_TASK DIRECTIONS_
Transcribe only part of the material below: the lines from the one containing "und wählen Sie" through the one containing "seinät maalattu |", inclusive, exactly as written.

_SUPPLIED DATA_

□ □ □ □

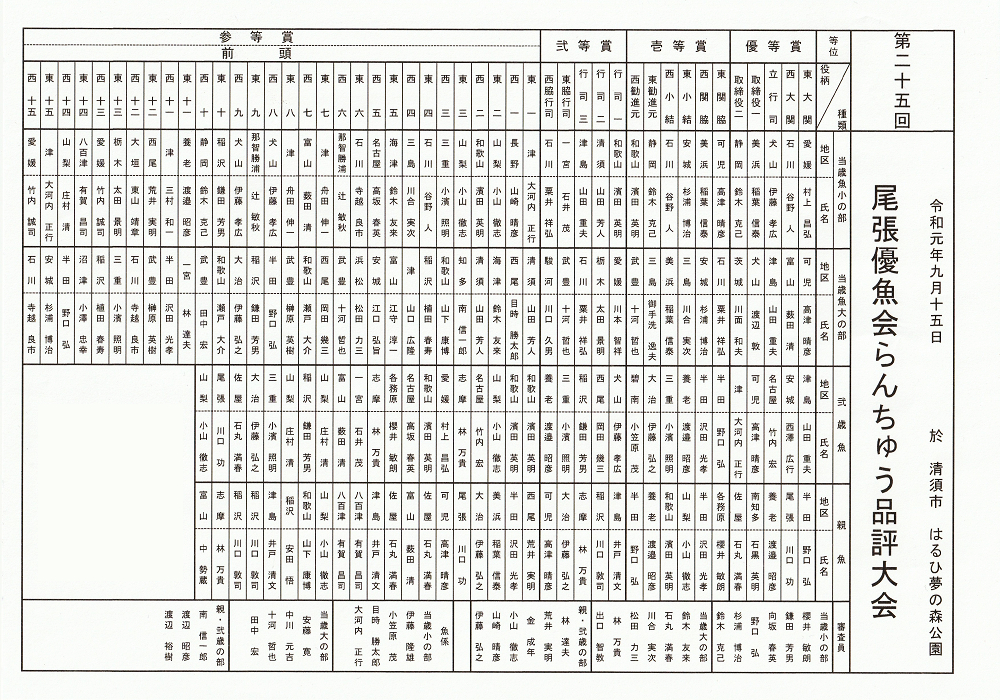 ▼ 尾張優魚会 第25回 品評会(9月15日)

□ □ □ □

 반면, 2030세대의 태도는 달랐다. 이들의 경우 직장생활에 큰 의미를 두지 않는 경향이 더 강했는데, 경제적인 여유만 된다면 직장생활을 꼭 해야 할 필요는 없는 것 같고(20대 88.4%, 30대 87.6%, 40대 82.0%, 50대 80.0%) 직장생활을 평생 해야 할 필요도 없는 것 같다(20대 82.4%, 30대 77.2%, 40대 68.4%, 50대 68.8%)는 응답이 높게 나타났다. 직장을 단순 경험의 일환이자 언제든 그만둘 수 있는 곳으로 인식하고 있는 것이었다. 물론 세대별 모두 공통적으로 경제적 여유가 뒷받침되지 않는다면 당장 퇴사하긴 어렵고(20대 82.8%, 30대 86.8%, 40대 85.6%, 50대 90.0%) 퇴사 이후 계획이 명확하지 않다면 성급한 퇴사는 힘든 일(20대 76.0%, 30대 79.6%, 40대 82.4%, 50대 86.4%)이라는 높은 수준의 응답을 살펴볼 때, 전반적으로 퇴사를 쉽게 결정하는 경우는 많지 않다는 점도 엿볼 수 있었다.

□ □ □ □

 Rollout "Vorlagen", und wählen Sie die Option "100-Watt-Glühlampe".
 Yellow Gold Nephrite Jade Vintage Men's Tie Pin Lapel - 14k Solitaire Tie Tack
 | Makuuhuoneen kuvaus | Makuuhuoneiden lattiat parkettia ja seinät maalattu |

□ □ □ □

_WORKED SOLUTION_
 Rollout "Vorlagen", und wählen Sie die Option "100-Watt-Glühlampe".
 Yellow Gold Nephrite Jade Vintage Men's Tie Pin Lapel - 14k Solitaire Tie Tack
 | Makuuhuoneen kuvaus | Makuuhuoneiden lattiat parkettia ja seinät maalattu |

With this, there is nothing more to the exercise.